We had pipi and paua - the latter as tender as good rump steak - for nibbles; chicken and vegetables richly roasted in the coal range for dinner; seafood chowder, pumpkin salad, bacon-and-egg pie and about a dozen other things for lunch the next day. As we ate, Lindsay made sure everybody was happy before he served himself.
It certainly whetted my appetite for eating the next night at Hippopotamus. But given the choice now, I would take Lindsay's cooking every time.
Hippopotamus is superbly located on the third floor of the Museum Hotel (the one that was wheeled across the road to make room for Te Papa), which is now called the Museum Art Hotel, with good reason: the lobby and public spaces constitute a free art gallery, whose treasures include several high-spec Italian motorcycles but are mainly devoted to some striking New Zealand art (Brent Wong, Nigel Brown, John Pule).
It's a great introduction to the evening and the entry into the dining room is similarly dramatic. But most of what followed on the night we visited was ordinary or worse - astonishingly poor considering this was a Cuisine magazine restaurant of the year finalist last year.
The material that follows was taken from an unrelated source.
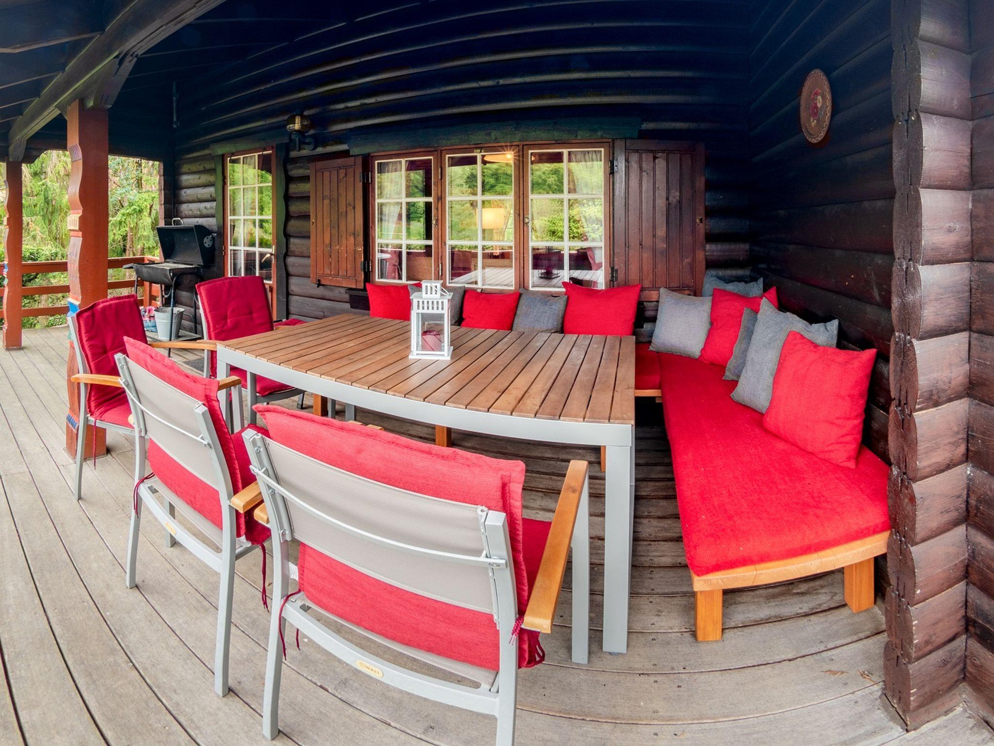 Auf der großen, überdachten Süd-West-Terrasse befinden sich Gartenmöbel mit Auflagen, Liegen und ein Weber-Holzkohlegrill. Eine große Sonnenliegewiese schließt sich gleich an der Terrasse an.

Hippopotamus is perhaps an unfortunate name for a French restaurant, since it is the brand of a 150-strong chain of fast-food-style steakhouses in France that are more McDonald's than Cobb & Co. The Wellington place by contrast styles (and prices) itself as top-end fine dining.
There's nothing wrong with the room, which has a sparkling harbour view and a decor of old-world grandeur flecked with whimsical touches: a stuffed pheasant on an ornate sideboard; chandeliers and Chinese-lantern lampshades.
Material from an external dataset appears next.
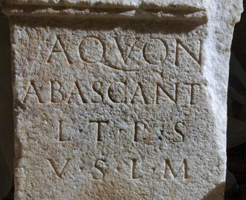 - Aquoni / Abascantus / L(ucii) T(?) P(?) s(ervus) / v(otum) s(olvit) l(ibens) m(erito)

But the food, which started with cold bread rolls and a very ordinary amuse bouche of smoked eel pate, rarely impressed and often depressed.
The Professor chose a "signature dish" entree of Kikorangi tortellini (as designed, it included prosciutto, but was labelled vegetarian), and the inadvisability of using such a strong cheese was compounded when the pasta envelopes disintegrated at a touch and turned the whole thing into an ugly cheesy broth. The accompanying walnuts were well past fresh and all I can say of the microgreens is that they did not come from a potager.
My entree of braised pork cheeks was an odd concoction, dominated as it was by large cubes of apple jelly. The pork, compressed into small roulades, was tasty enough, but the plating, which scattered the meat, including tiny pieces of sweetbread, across a white expanse of porcelain, was irritatingly self-conscious and stopped the dish cohering into an intelligible whole.
Our mains, of lamb rump and beef rib were both expertly cooked but let down by details: the smear of sauce - sorry "absinthe jus" - was quite insufficient for the amount of lamb, the chips with the beef were pallid and the broccoli, hopelessly undercooked, sat in a pool of buttery water that looked like it came from a dishwasher. Of the desserts, the chocolate mousse pleased the Professor because it was so tasteless she couldn't bring herself to eat it and thus was spared an attack of post-chocolate remorse.
In short it was a meal quite devoid of what a Frenchman would call je ne sais quoi. Lindsay could teach them a thing or two, I tell you.
Need to know
Value: $$$
$ = $20-$40; $$ = 40-60; $$$ = $60+.
(Price guide reflects three courses for one person without drinks)
Also try
Ambeli in Majoribanks St and Matterhorn in Cuba St are reliable Wellington options.